# [Your goal]
Repetition must be exact and must stop with the line bearing "HFCNMY Bar Stool". It begins at the first line of the records and includes no pictures.

++++ Record excerpts

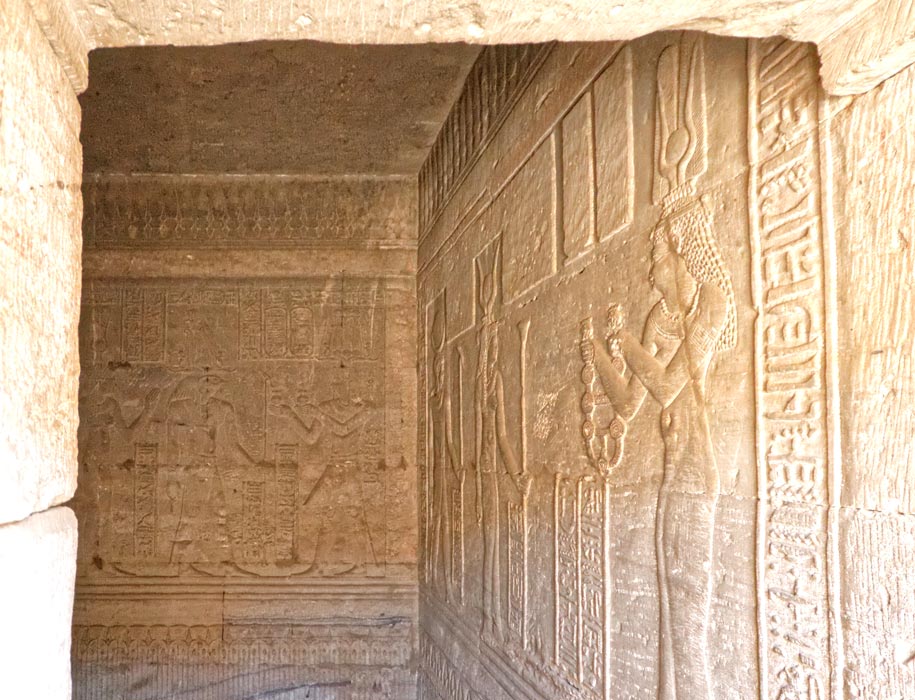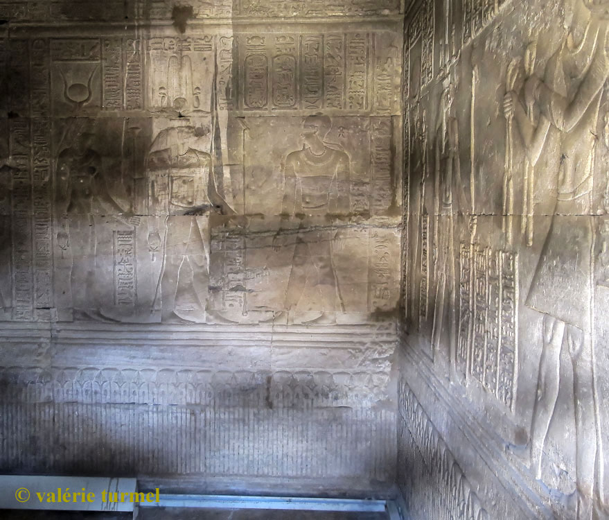 A droite, Cléopatre Vi fait l'offrande d'un collier à 2 divinités. les textes n'y sont pas gravés.
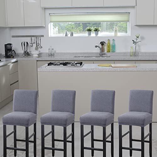 HFCNMY Bar Stool Covers,2 Pack Stretch Bar Stool Covers with Backs Jacquard Bar Stool Chair Covers Barstool Covers Slipcovers with Back Pub Counter Stool Chair Covers with Elastic Bands Gray
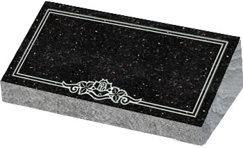 Granite Bevel Markers lay flat to the ground with a polished face on the top and rock pitched edges.They have a slanted face with the back edge raised higher than the front to give a small upright appearance.
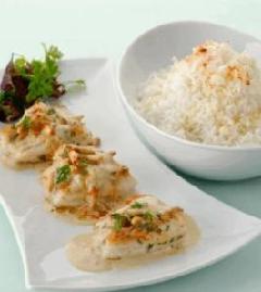 يوضع فيليه السمك المطبوخ في طبقٍ كبير وتُسكب الصلصة عليه ويُقدّم مع الأرز الأبيض
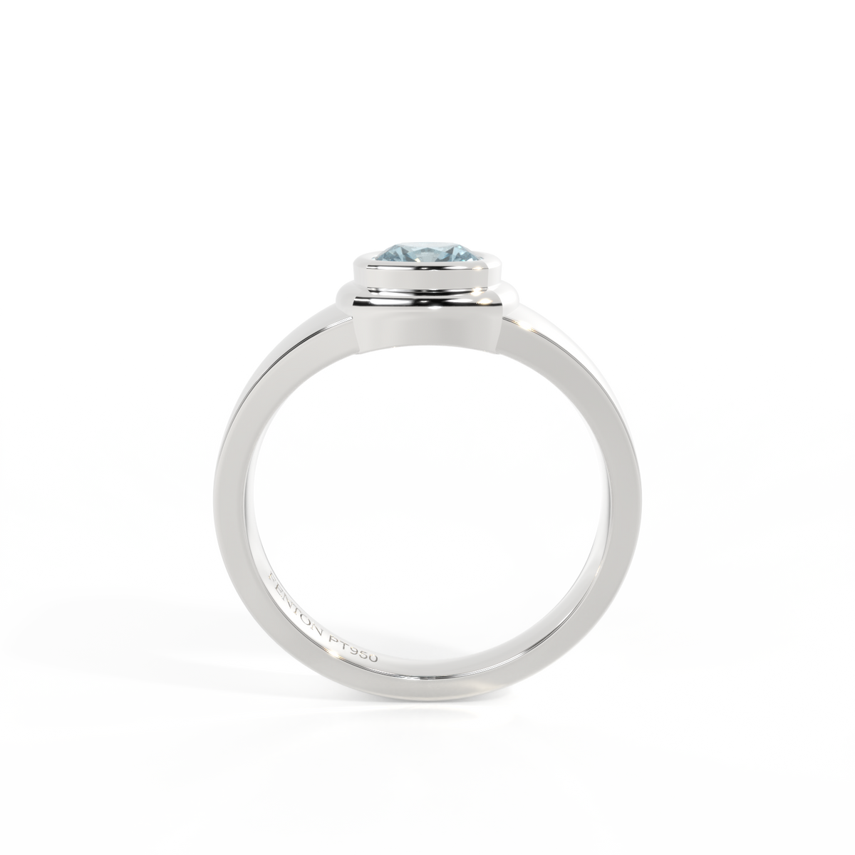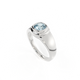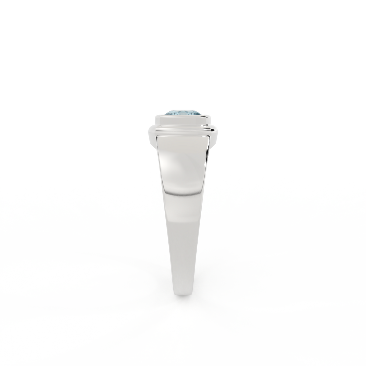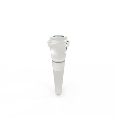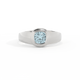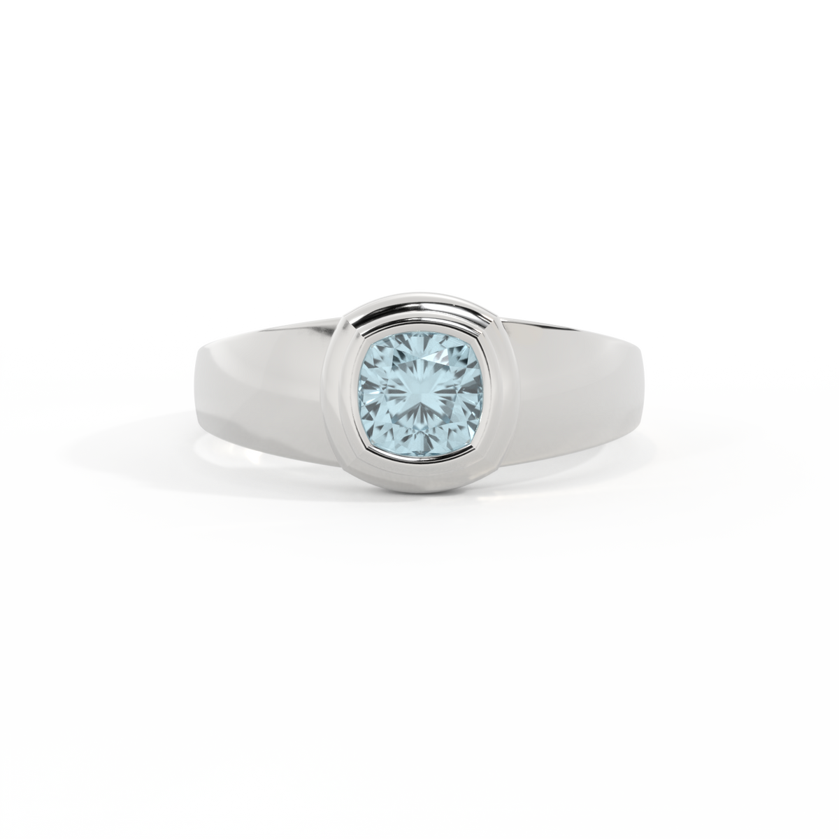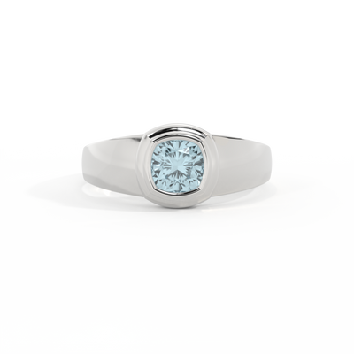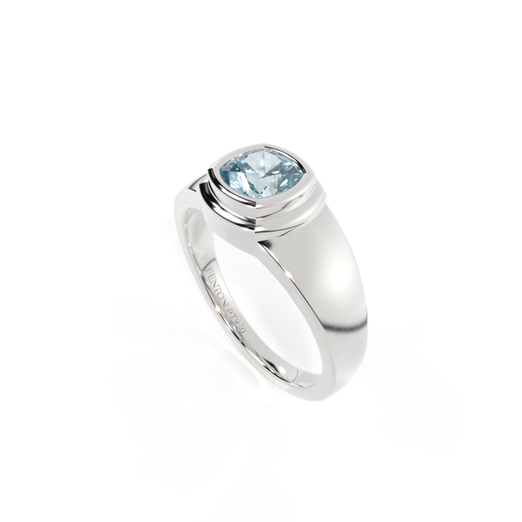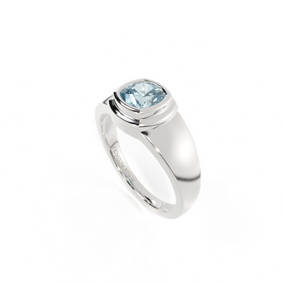 Dieses ikonische Schmuckstück ist mit einem Kissen geschliffenen Aquamarin besetzt, der in einer gestuften Lünettenfassung leicht über dem 18 Karat Weißgold Band sitzt. Die Schultern verjüngen sich zur Mitte hin, und der abgerundete Schaft sorgt für maximalen Tragekomfort. Ein modernes Erbstück für jeden Tag.

++++++++

# [Response for this exercise]
 A droite, Cléopatre Vi fait l'offrande d'un collier à 2 divinités. les textes n'y sont pas gravés.
 HFCNMY Bar Stool Covers,2 Pack Stretch Bar Stool Covers with Backs Jacquard Bar Stool Chair Covers Barstool Covers Slipcovers with Back Pub Counter Stool Chair Covers with Elastic Bands Gray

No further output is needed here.